Recommendation of an MPC test
The lab reports of the semi-annual trend analyses of circulation oil from a steam turbine were always marked OK with a green tick. However, in the last lab report we received an urgent recommendation to conduct an MPC test or change the oil. What is behind the MPC test?
A high degree of efficacy, short start-up periods and flexibility under changing operating conditions – today, turbines must meet a variety of requirements. Increasingly, they depend on their turbine oils to operate safely.
These must cope with:
- very long oil change intervals
- increased oil circulation temperatures
- more compact oil circulation system structures with shorter circulation times.
Although the standard specifications for turbine oils are constantly being tightened, they often do not sufficiently cover individual strain scenarios. Accordingly, the focus is increasingly on practical performance tests as a prerequisite for the recommending of oils by the OEM.

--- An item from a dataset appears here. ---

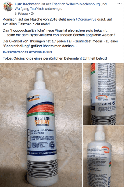 Die nach seinen Aussagen authentischen Bilder wurden zusätzlich grafisch mit orangefarbigen Einkreisungen bearbeitet. Bachmann schlussfolgert, dass es das Coronavirus schon lange gebe und es sich hier nur um ein mediales Ablenkungsmanöver handle. Auch wenn die Bilder dies suggerieren, so stimmt das nicht. Die Familie der Coronaviren ist zwar bereits seit den 1960er Jahren wissenschaftlich bekannt, doch handelt es sich bei SARS-CoV-2 um ein neuartiges Virus, was beispielsweise nichts mit dem 2002 aufgetretenen SARS-CoV zu tun hat, welches laut Helmholtz Zentrum für Infektionsforschung (HZI) nahezu 1000 Todesopfer forderte.

The long-term use of turbine oils is influenced by several factors.
- Oxidation: accelerated by the oil's reaction with atmospheric oxygen in connection with increased oil circulation temperatures of over 60°C
- Thermal disintegration of base oil and additive package: through localised extreme temperatures during electrostatic discharges or local spontaneous combustion of compressed, undissolved air bubbles
- Contaminants: water, dust, wear particles and mixtures with other oils.
There are various consequences for the turbine oil: significant consumption of antioxidants, potential filtering of anti-foaming additives, deterioration of air output behaviour, decomposition of the wear protection package, reaction products in the form of undissolved oil components, deposits (sludge), varnish formation, dark colouration and/or oil turbidity.
As well as the deterioration of lubricant performance, the deposits constitute a risk for the system above all. The solubility of the additives in the base oil play a key role in their formation. Today, the manufacturers of turbine oils are increasingly using base oils in groups II (hydrotreated), III (hydrocrack) and IV PAO (poly-alpha olefins).